Hearts pounding over Myokardia’s cardiomyopathy success

August 7, 2017

Myokardia’s success in a phase II hypertrophic cardiomyopathy trial is likely spurring investor speculation that the group could be a target for its partner and investor Sanofi. With Myokardia valued at just under $1bn this would be a pretty big bet on a project in heart failure/cardiomyopathy, where phase II success by no means predicts a positive pivotal outcome – witness the trouble companies like Cardiorentis, Celyad and Mesoblast have had converting promising mid-stage data into something the regulators will consider. MYK-461 (mavacamten) was able to show a statistically significant 112-point reduction in post-exercise left ventricular outflow tract gradient over baseline measurements in 10 obstructive hypertrophic cardiomyopathy patients who were treated over 12 weeks in the Pioneer-HCM trial. An 11th patient with a history of paroxysmal atrial fibrillation (AF) dropped out after a recurrence – this patient had stopped taking AF medications to participate in the trial. Myokardia shares rose 81% in early trading today. Sanofi was an early investor in the group, having put $10m into its equity under a 2014 collaboration and participation in a 2015 series B round before the company went public. On the side of Myokardia is that the condition it seeks to treat is much smaller than acute or chronic heart failure, and has a genetic component, perhaps making success more likely.

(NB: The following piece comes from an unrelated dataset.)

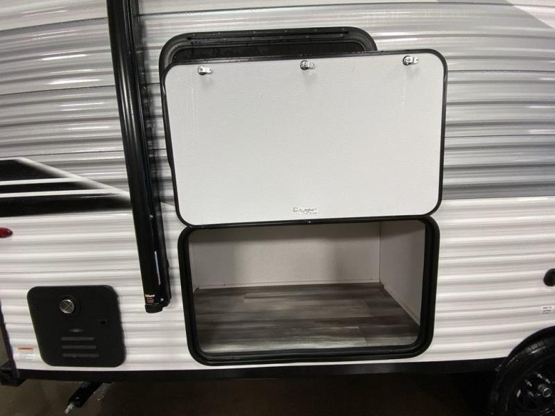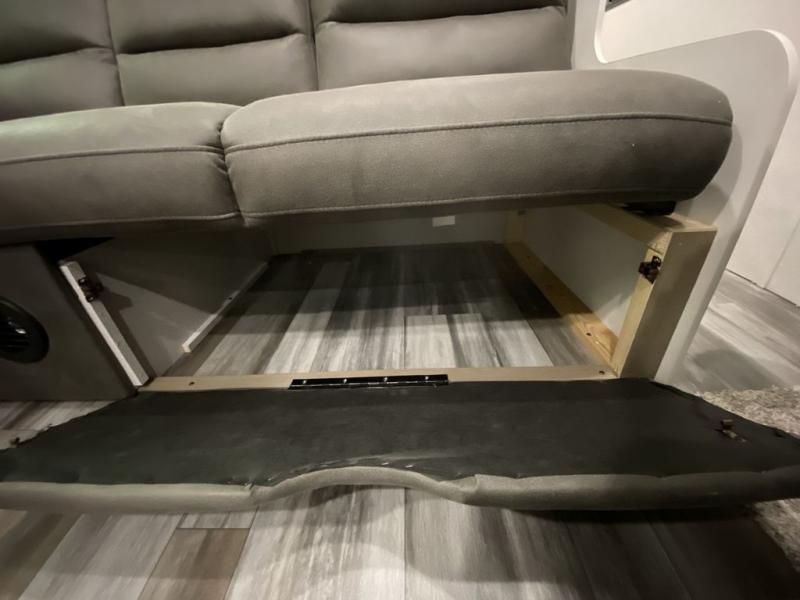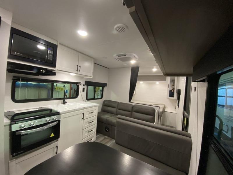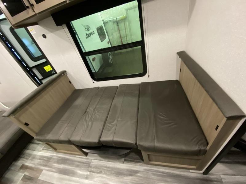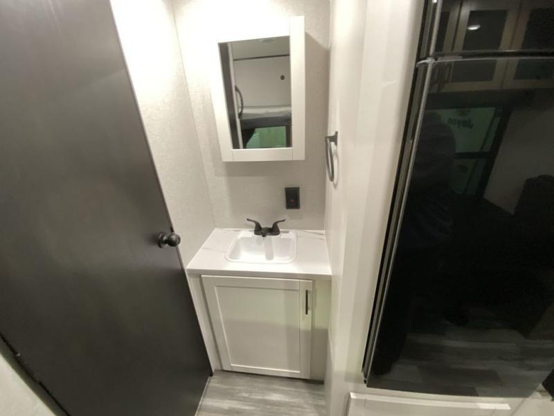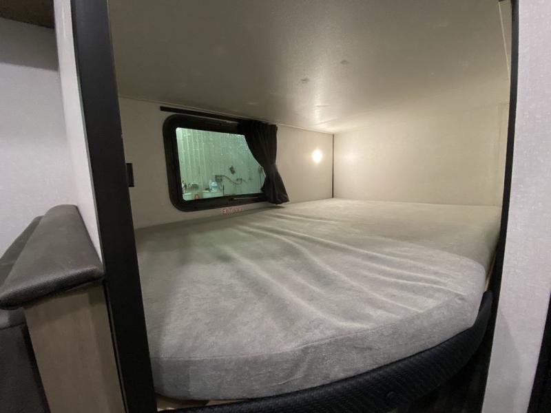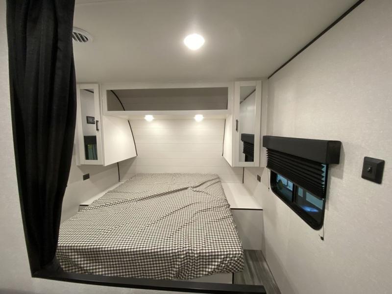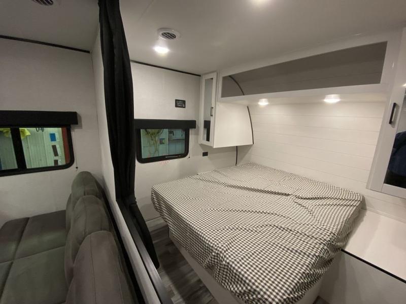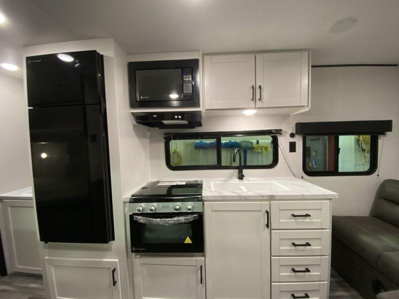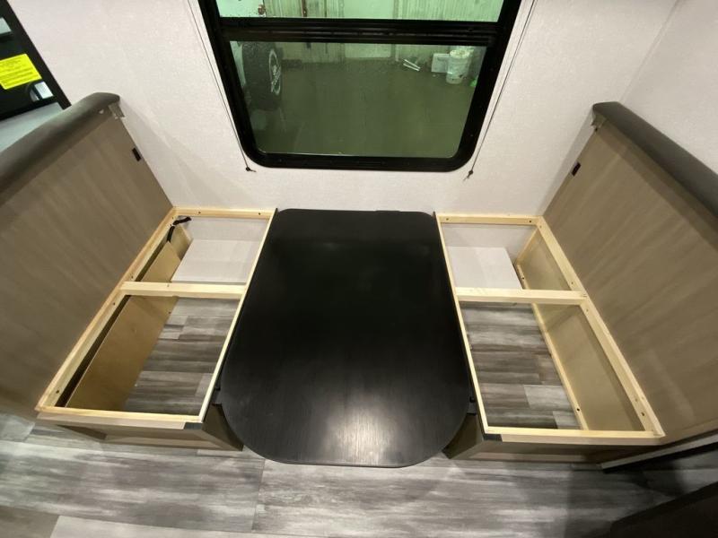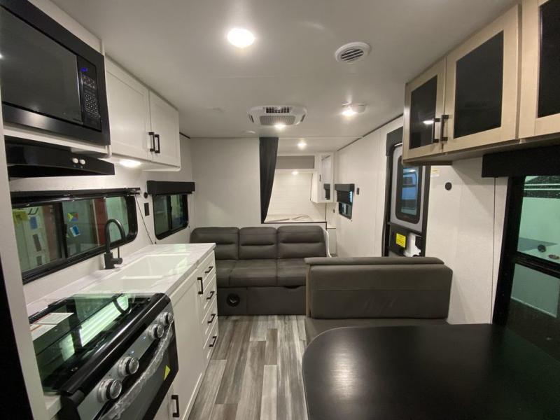 You can comfortably sleep up to eight people in this trailer thanks to the double-size bunks, the RV queen bed in the front bedroom, plus the booth dinette and jack-knife sofa in the main living area! The chef of your crew will have a three burner cooktop and microwave oven to prepare meals, and everyone can store their favorite drinks in the 8 cu. ft. 12V refrigerator. The bathroom includes a shower and a toilet, with the sink just outside of this room so others can brush their teeth if one is taking a shower before bed. The outside storage will let you bring along fishing poles and the 16' power awning with LED lights will create a nice place to gather in the evenings!

Even cough and cold offers no balm for Vernalis

August 7, 2017

Investors in the UK’s Vernalis have been through the wars, and today came more pain. Even the company’s move into the safe and unexciting market of long-acting cough and cold medications has run into trouble, with a US complete response letter for the antitussive CCP-08. This follows last year’s identical setback for the related asset CCP-007. Vernalis embarked on the cough/cold strategy through a licensing deal with Tris Pharma in 2012, but so far US approval of Tuzistra XR, for cough and upper respiratory allergy symptoms, has been its only success. Vernalis’s long history has seen several incarnations, most notably as developer of the antimigraine drug frovatriptan, and the takeovers of companies including British Biotech – the UK sector’s former star and most notorious blow-up. It is not clear where the setback leaves Vernalis, though for now CCP-007 and 008 remain a focus, albeit with a delay; perhaps some of British Biotech’s oncology assets could find new life, though the baggage they would come with would be an obstacle. The US complete response letters likely relate to manufacturing problems at Tris, and Stifel analysts no longer see CCP-08 hitting the market in time for the 2017/18 cough/cold season.